Le Pigeon veuf Fortuné Nancey (? - 1860)

Un pigeon était veuf ; on sait que la constance
Est chez ce peuple ailé, grandement en honneur.
Quoi d'étonnant alors que lui., d'une alliance
Qui bien long temps avait fait son bonheur,
Il trouvât bien doux charme à garder souvenance !

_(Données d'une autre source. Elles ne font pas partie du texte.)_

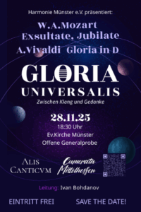 28.11.2025 @ 18:30 Uhr – 19:30 Uhr – Einladung zur offenen Generalprobe! „Gloria Universalis“ so heißt das neue Konzertprogramm des Alis Canticum, der Harmonie Münster e.V. Gleich zwei Werke kommen zu Gehör: 1. Mozart Exsultate, Jubilate, eine Motette die gerade mal von dem 17- jährigen Mozart komponiert wurde. Gesungen von der Sopranistin Viktoria Bohdanova und begleitet von Musikern des Camerata Mittelhessen. 2. Vivaldi […]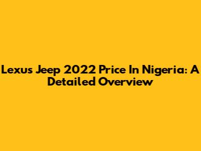 Lexus Jeep 2022 Price In Nigeria: A Detailed Overview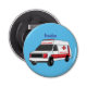 Den röda ambulansen i lycklig är på väg att hjälpa till! Ritad i roligt tecknad stil.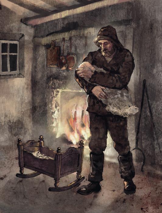 – У нас в доме нет даже крошки съестного, – сказала она соседке. – Я схожу в город, и мы с девочкой перебьёмся как-нибудь до возвращения мужа.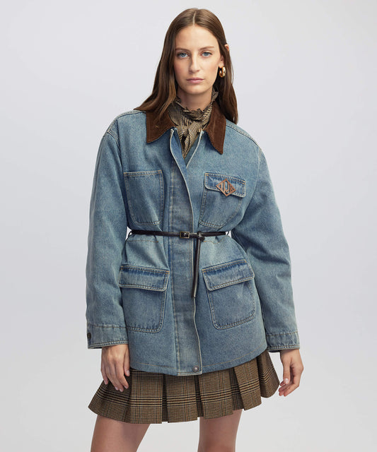 Kontrast Kadife Yaka Mont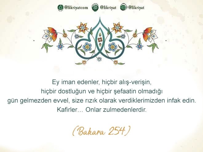 🔸 Ey iman edenler, hiçbir alış-verişin, hiçbir dostluğun ve hiçbir şefaatin olmadığı gün gelmezden evvel, size rızık olarak verdiklerimizden infak edin. Kafirler… Onlar zulmedenlerdir.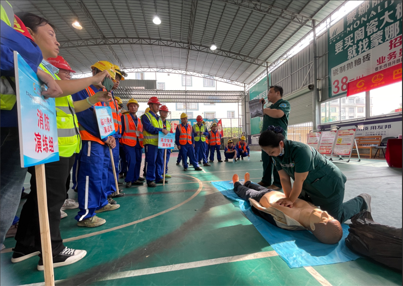醫(yī)護(hù)人員現(xiàn)場(chǎng)示范中暑急救、胸外擠壓急救措施、人工呼吸方法、骨傷綁扎固定等應(yīng)急救援措施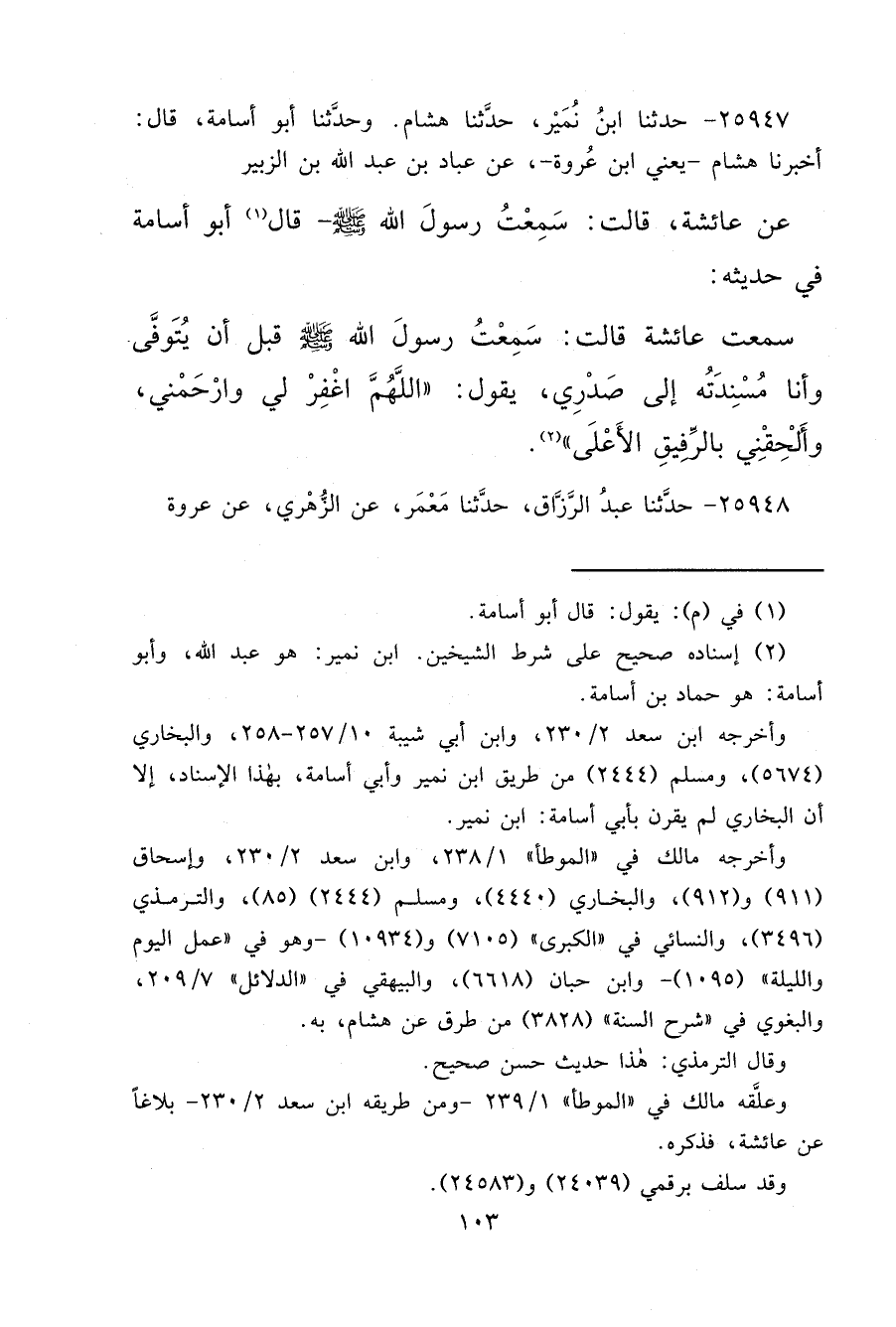 ٢٥٩٤٧ - حَدَّثَنَا ابْنُ نُمَيْرٍ، حَدَّثَنَا هِشَامٌ، وحَدَّثَنَا أَبُو أُسَامَةَ، قَالَ: أَخْبَرَنَا هِشَامٌ يَعْنِي ابْنَ عُرْوَةَ، عَنْ عَبَّادِ بْنِ عَبْدِ اللهِ بْنِ الزُّبَيْرِ، عَنْ عَائِشَةَ، قَالَتْ سَمِعْتُ رَسُولَ اللهِ صَلَّى اللهُ عَلَيْهِ وَسَلَّمَ قَالَ (١) أَبُو أُسَامَةَ: فِي حَدِيثِهِ سَمِعْتُ عَائِشَةَ قَالَتْ: سَمِعْتُ رَسُولَ اللهِ صَلَّى اللهُ عَلَيْهِ وَسَلَّمَ قَبْلَ أَنْ يُتَوَفَّى، وَأَنَا مُسْنِدَتُهُ إِلَى صَدْرِي، يَقُولُ " اللهُمَّ اغْفِرْ لِي وَارْحَمْنِي، وَأَلْحِقْنِي بِالرَّفِيقِ الْأَعْلَى " (٢)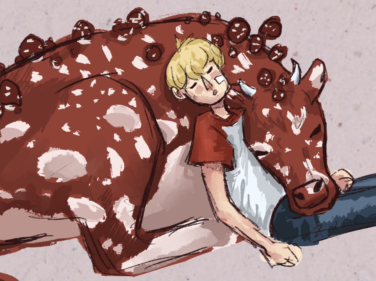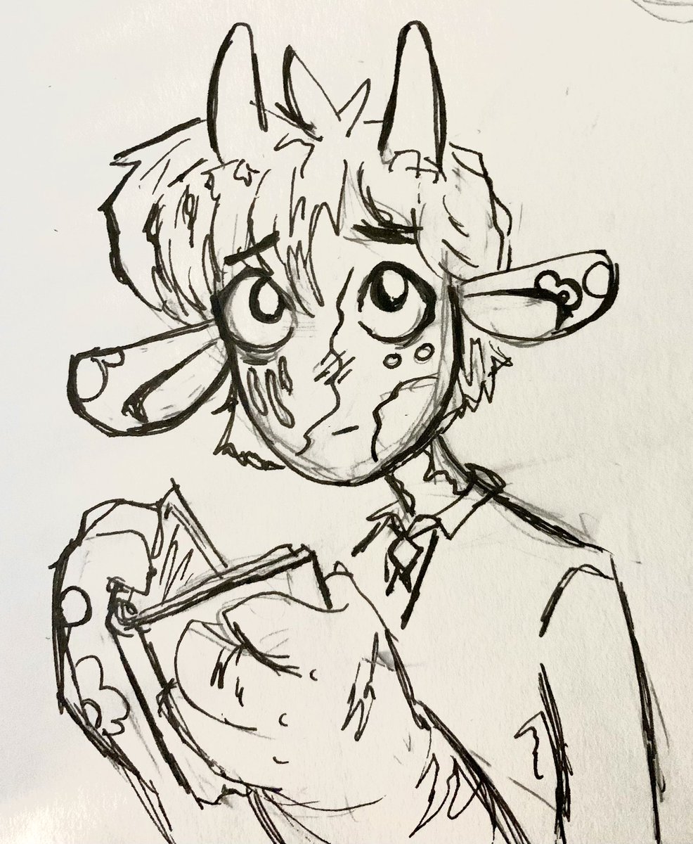 Actually forgot that I had a twitter lmao but tbf tumblr is being kinder to me rn HERE have Tommy w a mooshroom I’ve named her Clementine #TOMMY #mcytfanart #tommyinnitfanart #tommy10million woo #dsmpfanart #dreamsmpart
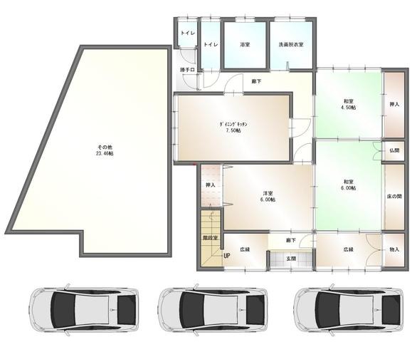 ■間取りは5DK+離れスペース、駐車は縦列で3台可能。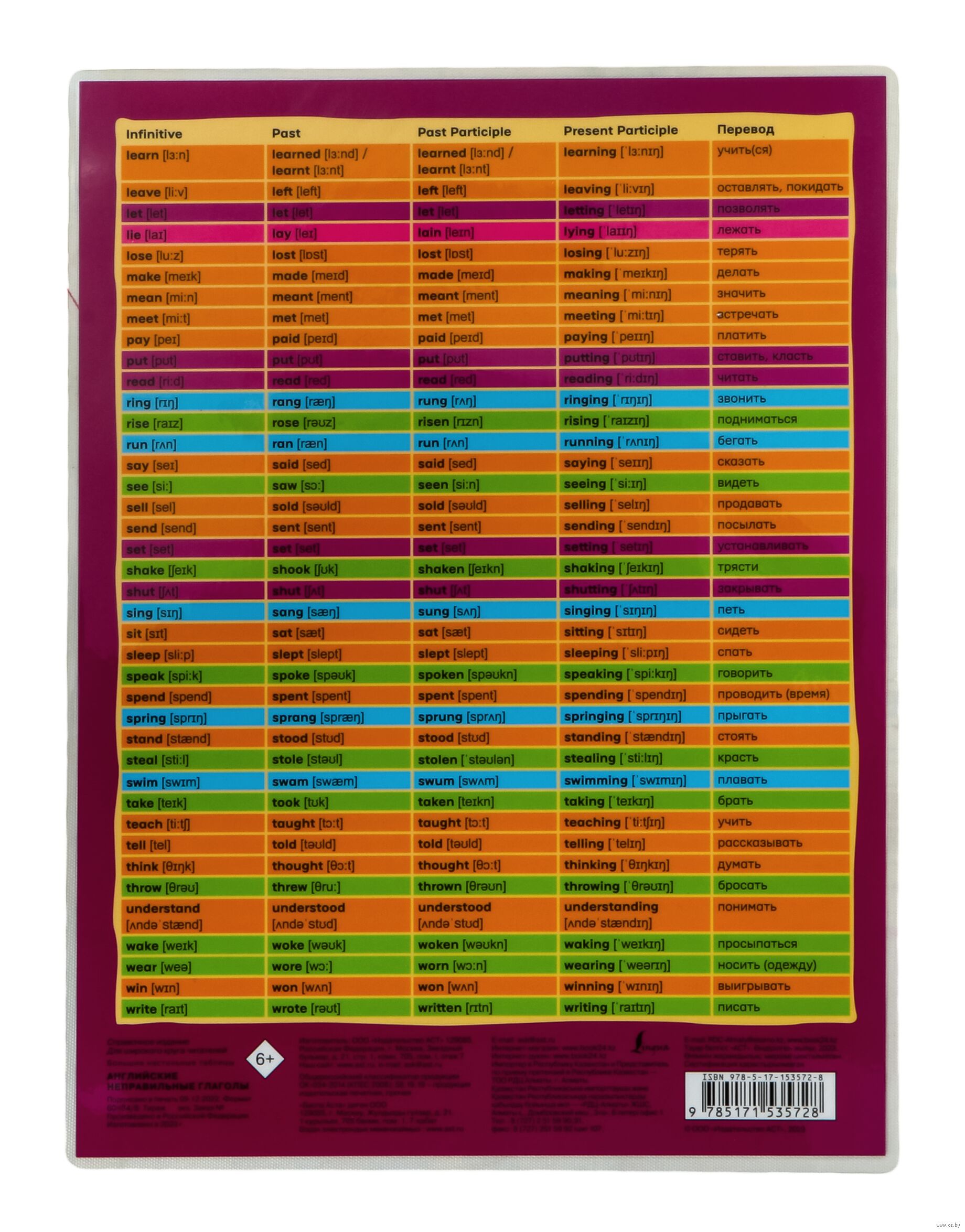 Плакат-подсказка "Английские неправильные глаголы" – незаменимый помощник в изучении английского языка. В таблице представлены 80 самых употребительных неправильных глаголов. К каждому глаголу даются три формы, а также ing-форма и перевод. Все формы глаголов снабжены международной фонетической транскрипцией. Глаголы с похожим способом образования форм выделены одинаковыми цветами.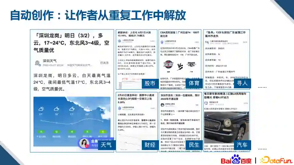 首先是智能自动创作,通过数据加自动写作引擎的方式,实时大量地生成覆盖多个领域的资讯,让创作者从重复的工作中得到解放。像天气文章,每天都需要在规定的时间内高效地发布数千篇文章,单纯人工很难完成这些工作。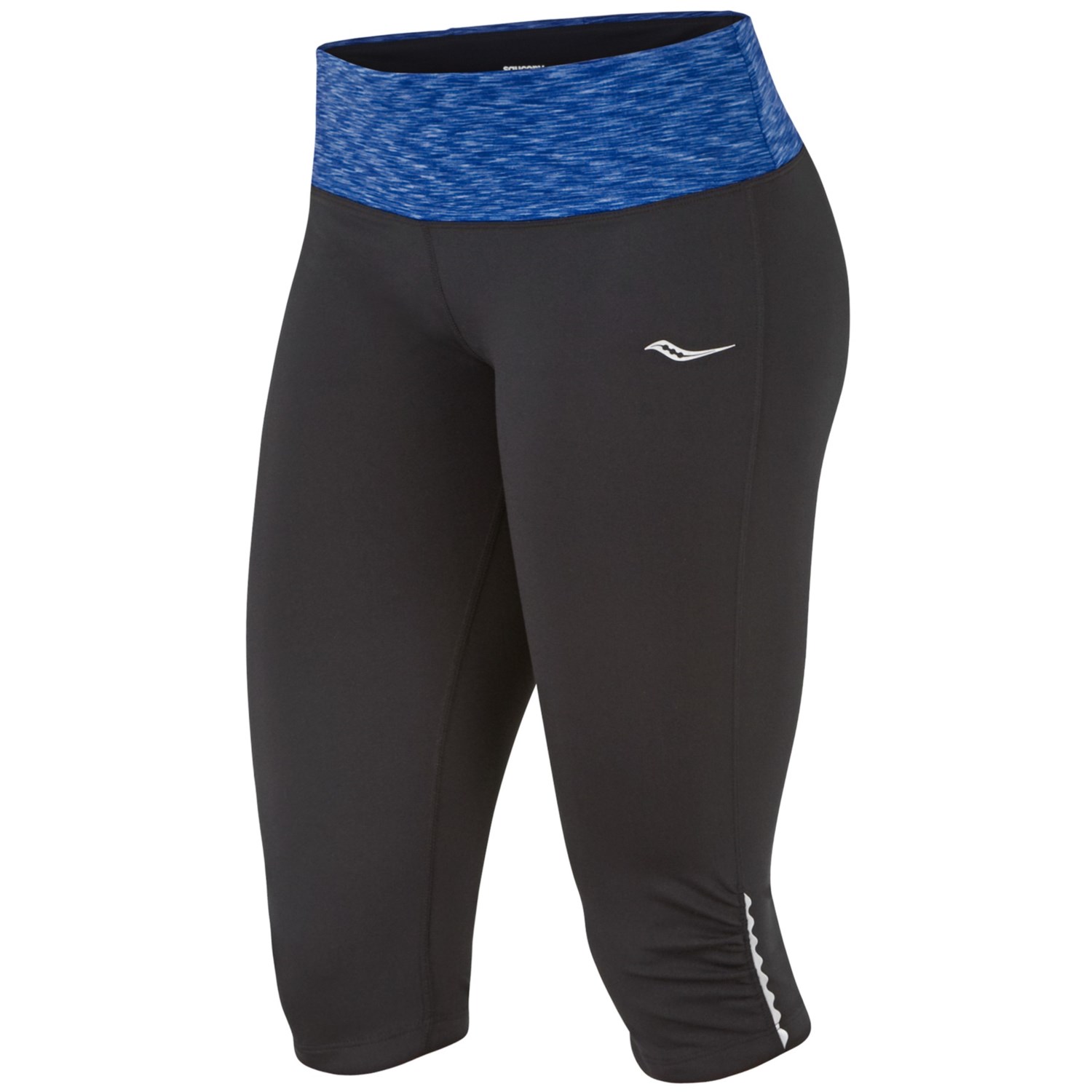 Closeouts. A contrast-color space-dye waistband and ruched knees with scalloped reflective trim add sporty style to the active performance of Saucony Ruched LX capris, made of moisture-wicking, chafe-resistant and supportive stretch fabric that’s perfect for running.

Rien à ses yeux ne pouvait remplacer,
Sa bien-aimée à jamais descendue
Dans la tombe où chacun à son tour vient verser ;
Même après de longs jours son âme était tendue
Vers celle qu'il avait perdue,
Que mille souvenirs savaient lui retracer.
El le culte qu'à sa mémoire
Il vouait ainsi chaque jour,
Était la dernière victoire
Que put remporter son amour.
Car si de tout le temps console
Il laisse au moins au cœur blessé
Ce charme du retour sur un bonheur passé.
Aussi que vainement une amante frivole
Venait le convier à de nouveaux serments,
Il détournait les yeux, car pour une autre idole
Son âme n'avait plus d'encens.

Que dans le monde on voit peu de veuvages
Inspirer de pareils regrets !
Mais au lieu que l'argent en règle les projets,
Laisser les cœurs former les mariages,
Et d'autres nœuds auront d'autres effets.